By John Helmer, Moscow
Three years ago precisely, on January 12, 2014 – just before the Anglo-American war against Russia began in earnest — we reported that the Moscow School of Management at Skolkovo was publishing what it called a market atlas of the jobs and professions which will be newly needed by the year 2020, and those to be needed no longer. One of the new ones was what the Skolkovo atlas called a cyber-cleaner (кибердворник). This is a specialist in removing from the internet and all digital data archives whatever information someone pays to have cleaned or deleted entirely, and its substitution with what the specialist is paid to put there – fake news, kompromat, disinformation, PR, advertising, fraud. One of the professions the cyber-cleaners will replace, according to the atlas, is journalism.
That was six years away when first reported. In the three years intervening years, journalism as readers recognized it has ceased at the New York Times, Washington Post, Financial Times, Guardian, London Times; the rest of the mainstream media in the US and UK; and everything that appears in physical print in Canada and Australia. What used to distinguish their journalism from state or corporate controlled media has disappeared. That’s outside Russia.

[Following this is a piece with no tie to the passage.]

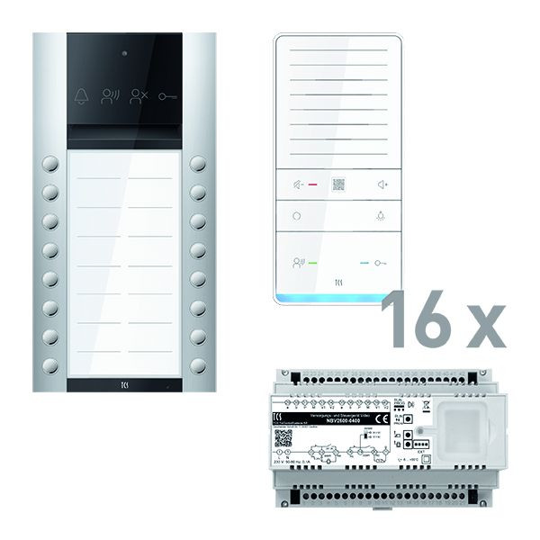 Vorkonfiguriertes Paket für 16 Wohneinheiten für den TCS:BUS bestehend aus: 1x PES PRO Audio Außenstation 16T AP EN, Artikelnummer: ASA110216-0010, vorprogrammiert, 16x TASTA Freisprecher AUDIO PLUS WS SDI, Artikelnummer: ISW6031-0145, 1x Versorgungs- und Steuergerät Video 8 TE, Artikelnummer: NBV2600-0400, das Paket ist ab Werk vorkonfiguriert und bedingt erweiterbar. Die Funktionen der Innen- und Außenstationen können mit TCS-Serviceprodukten bedingt verändert werden.

Inside Russia, for at least a handful of the Skolkovo school’s coordination council — Roman Abramovich, Alexander Abramov, Alexander Voloshin – the elimination of journalists by cyber-cleaners will be none too soon. Anatoly Chubais (pictured below, left) was on the Skolkovo council three years ago; he’s been replaced by his shadow, Leonid Melamed (centre), who has been under house arrest since July 2015; he is charged with embezzlement at Rusnanotech, the state technology holding now directed by Chubais. Another Chubais trustie, whose personal enrichment depended on the breakup of the state electricity utility UES when Chubais was in charge there, is also on the Skolkovo council now; he is Valentin Zavadnikov (right).

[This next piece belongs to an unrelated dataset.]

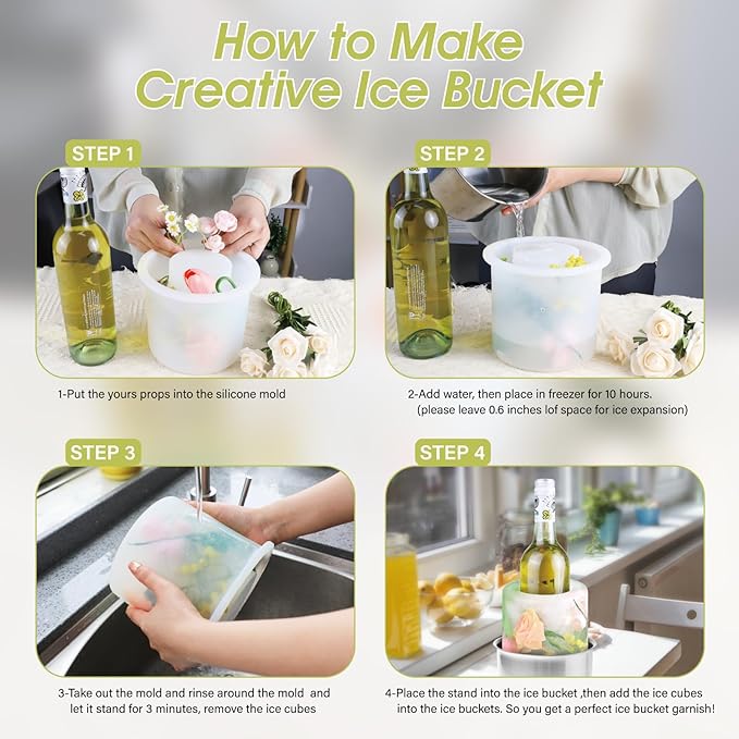 - ใ๐๐จ๐ฐ ๐ญ๐จ ๐๐ฌ๐ ๐๐ฎ๐๐ค๐๐ญ ๐๐๐ ๐๐จ๐ฅ๐ใ๐๐ญ๐๐ฉ ๐: add flowers,fruit,or any props decorations(you want),express your creativity๏ผ๐๐ญ๐๐ฉ ๐: fill the mold with water (please leave 0.6 inches lof space for ice expansion ), then place in freezer for 10 hours. ๐๐ญ๐๐ฉ ๐: Inject some water into the middle of the silicone mold and then rinse round the mold, then wait for 5-10 minutes to remove the ice bucket smoothly. ๐๐ญ๐๐ฉ 4: Put the champagne bottle in it and it's done.

His Skolkovo bio refers to his claim that “from 2001 to 2012 worked at the Council of Federation, where Mr. Zavadnikov has fought for the establishment of a competitive market economy in Russia.”.
The truer story of how Zavadnikov was forced to resign in order to avoid disclosing the fruit of his stake in the competitive market economy, his foreign assets, and his partnership with the Leonid Lebedev — also a runaway senator from the Federation Council with foreign assets to hide — can be found here. Their dossiers are small by comparison with that of Chubais.